## Data for analysis
-*-
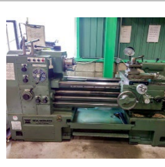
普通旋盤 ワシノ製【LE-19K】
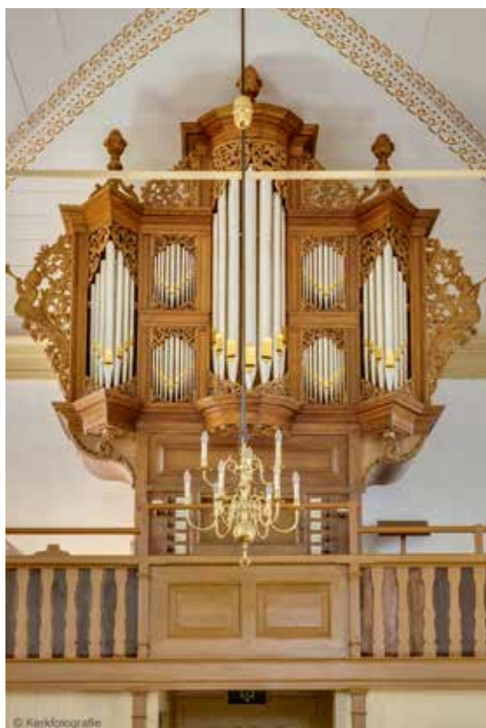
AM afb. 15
-*-
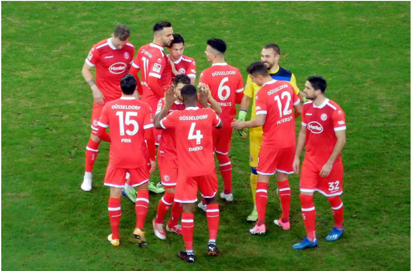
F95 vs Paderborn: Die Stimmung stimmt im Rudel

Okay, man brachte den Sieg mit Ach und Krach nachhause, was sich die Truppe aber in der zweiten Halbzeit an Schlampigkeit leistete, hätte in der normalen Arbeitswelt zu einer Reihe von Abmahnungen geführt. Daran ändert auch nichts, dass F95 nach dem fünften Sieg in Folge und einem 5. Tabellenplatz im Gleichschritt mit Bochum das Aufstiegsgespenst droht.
-*-
## Exercise brief
Begin at the line that has "F95 vs Paderborn: Die" in the entries above; stop after the line that has "Okay, man brachte". Transcribe exactly those lines and no others.

## Result
F95 vs Paderborn: Die Stimmung stimmt im Rudel

Okay, man brachte den Sieg mit Ach und Krach nachhause, was sich die Truppe aber in der zweiten Halbzeit an Schlampigkeit leistete, hätte in der normalen Arbeitswelt zu einer Reihe von Abmahnungen geführt. Daran ändert auch nichts, dass F95 nach dem fünften Sieg in Folge und einem 5. Tabellenplatz im Gleichschritt mit Bochum das Aufstiegsgespenst droht.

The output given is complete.